--- ACTIVITY ---
Repeat the span of the entries below that starts at the line with "Сушилка для рук" and ends at the line with "Holy Trinity, Waterford", nothing more. Skip the pictures.

--- DATA SHOWN ---
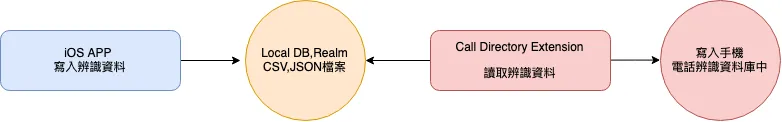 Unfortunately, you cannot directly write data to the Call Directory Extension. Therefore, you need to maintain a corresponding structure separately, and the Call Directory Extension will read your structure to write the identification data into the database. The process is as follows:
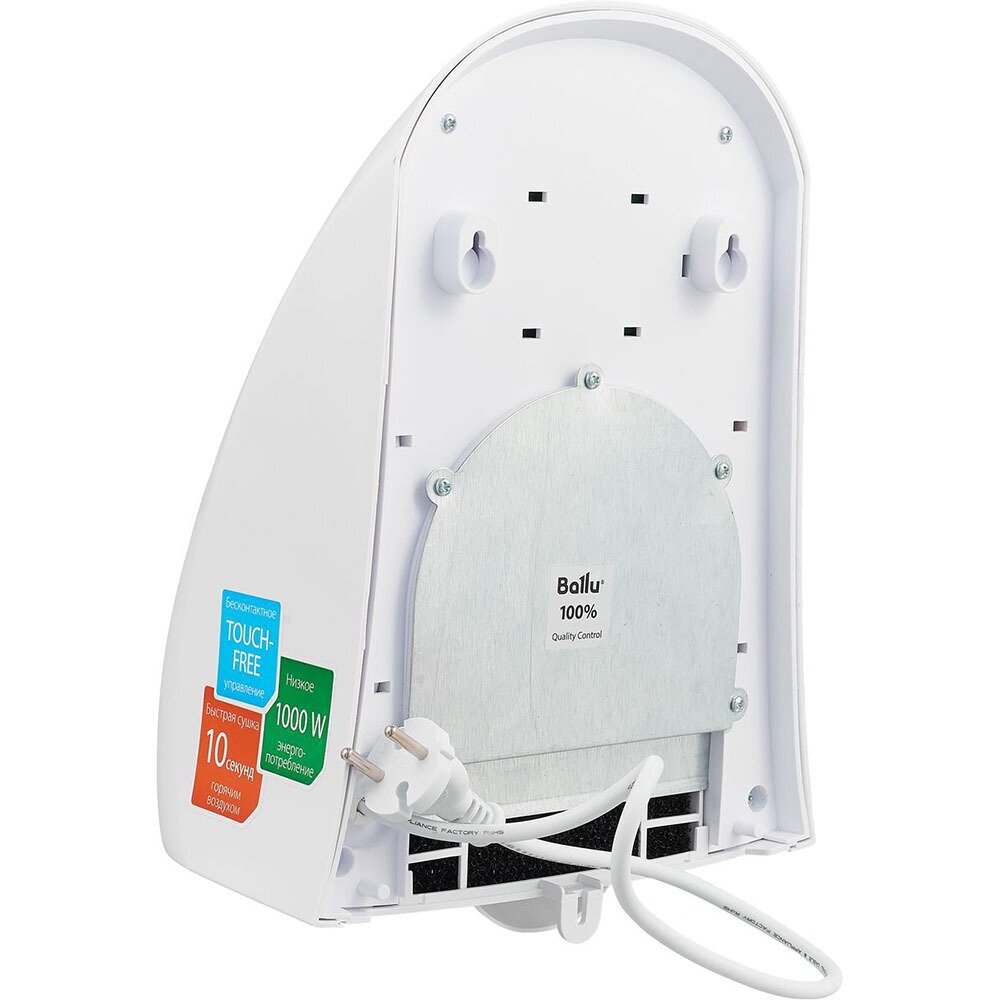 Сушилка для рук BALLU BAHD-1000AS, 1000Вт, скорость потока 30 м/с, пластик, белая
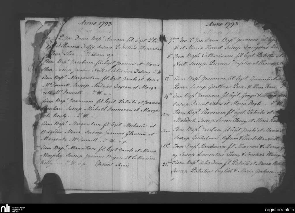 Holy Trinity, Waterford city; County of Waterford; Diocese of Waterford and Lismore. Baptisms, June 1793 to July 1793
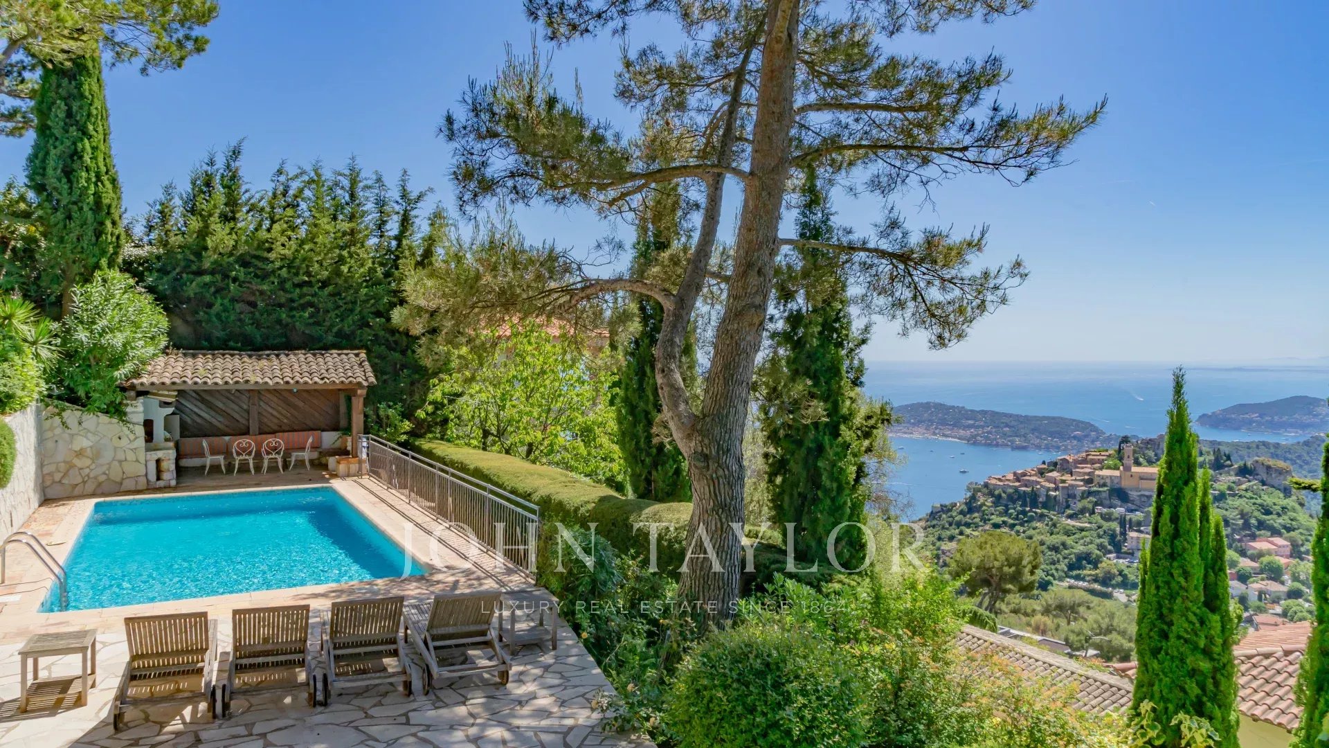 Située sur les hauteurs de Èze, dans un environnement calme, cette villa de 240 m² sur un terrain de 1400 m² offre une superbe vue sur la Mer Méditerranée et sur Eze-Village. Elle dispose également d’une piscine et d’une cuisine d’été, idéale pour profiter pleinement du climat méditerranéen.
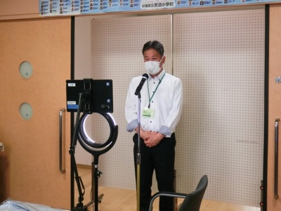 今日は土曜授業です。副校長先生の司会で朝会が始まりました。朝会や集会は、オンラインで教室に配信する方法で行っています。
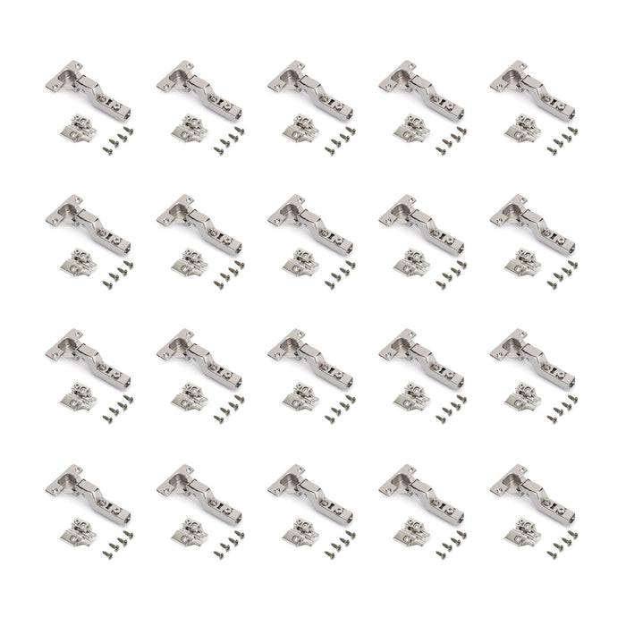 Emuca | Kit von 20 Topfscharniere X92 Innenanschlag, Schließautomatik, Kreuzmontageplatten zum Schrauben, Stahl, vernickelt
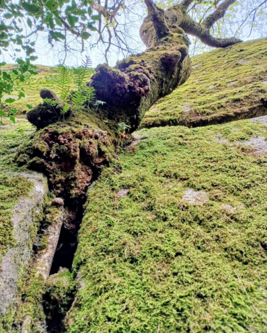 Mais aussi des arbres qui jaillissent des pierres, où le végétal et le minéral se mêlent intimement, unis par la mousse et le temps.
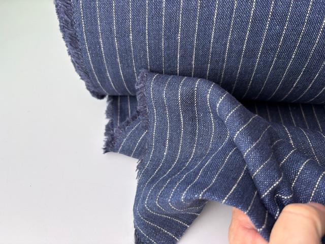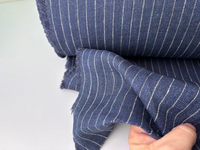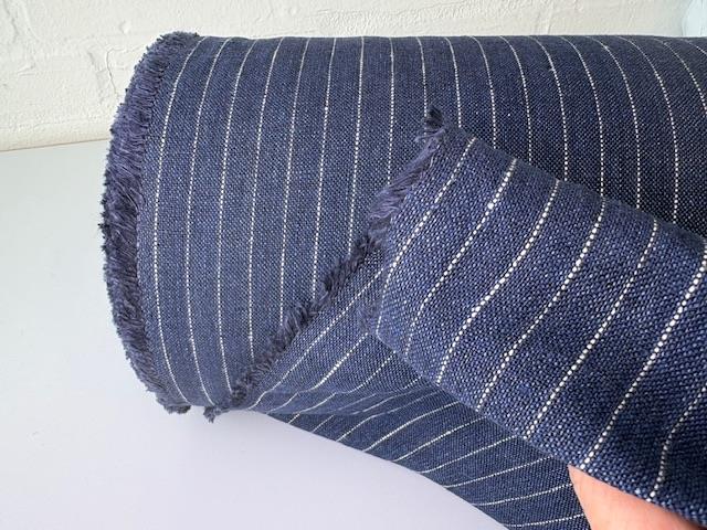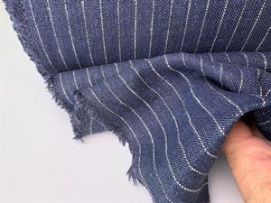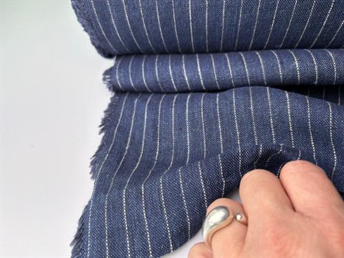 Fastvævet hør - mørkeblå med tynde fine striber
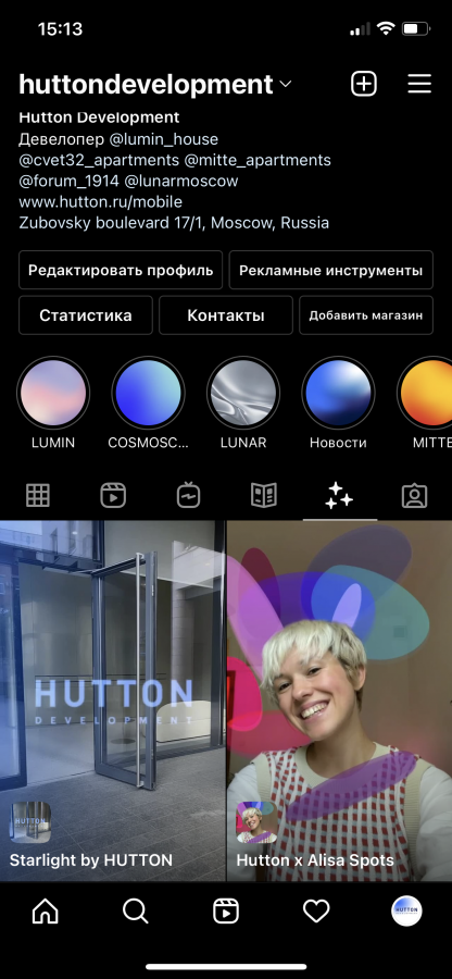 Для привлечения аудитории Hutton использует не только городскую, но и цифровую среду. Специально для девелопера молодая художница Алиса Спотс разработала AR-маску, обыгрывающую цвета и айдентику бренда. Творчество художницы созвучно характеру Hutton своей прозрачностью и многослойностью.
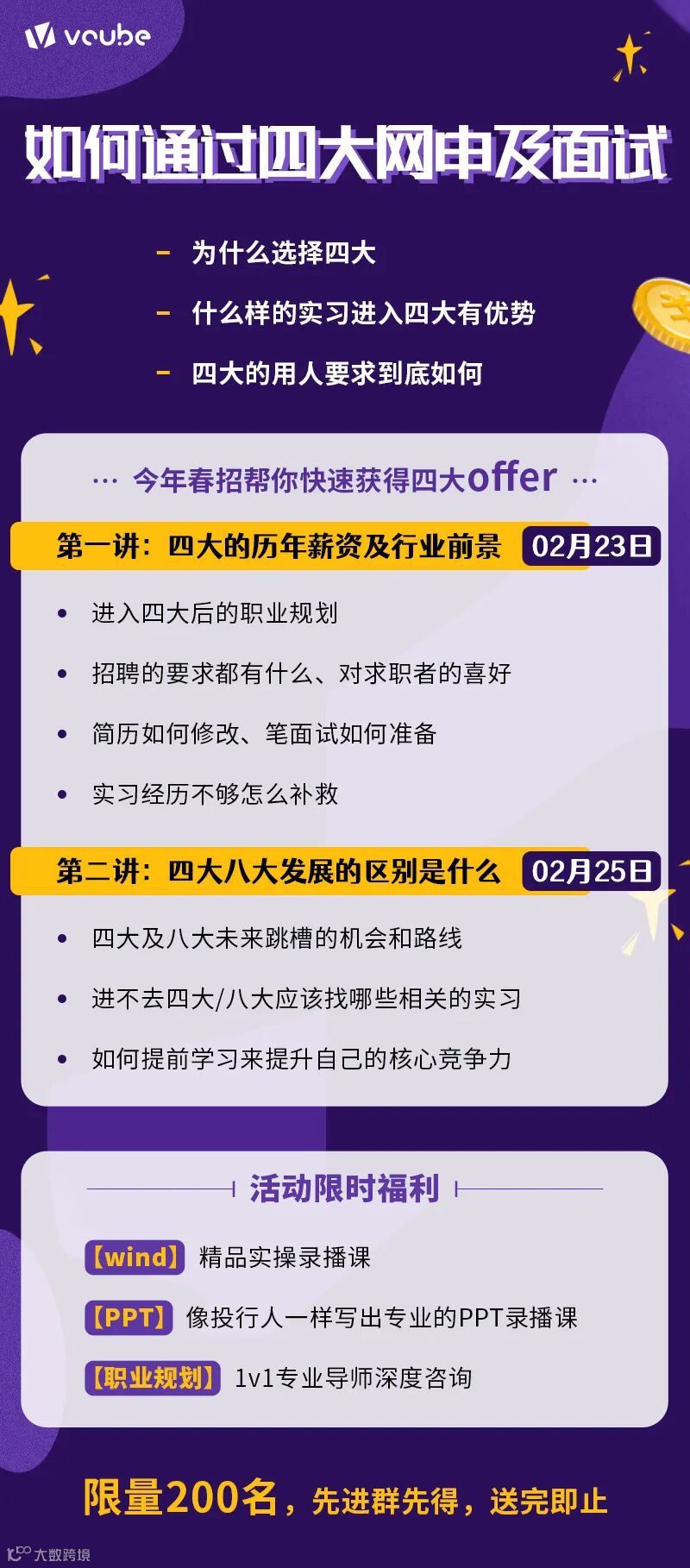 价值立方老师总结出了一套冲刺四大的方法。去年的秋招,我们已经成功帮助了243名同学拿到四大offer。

--- OUTPUT BELOW ---
 Сушилка для рук BALLU BAHD-1000AS, 1000Вт, скорость потока 30 м/с, пластик, белая
 Holy Trinity, Waterford city; County of Waterford; Diocese of Waterford and Lismore. Baptisms, June 1793 to July 1793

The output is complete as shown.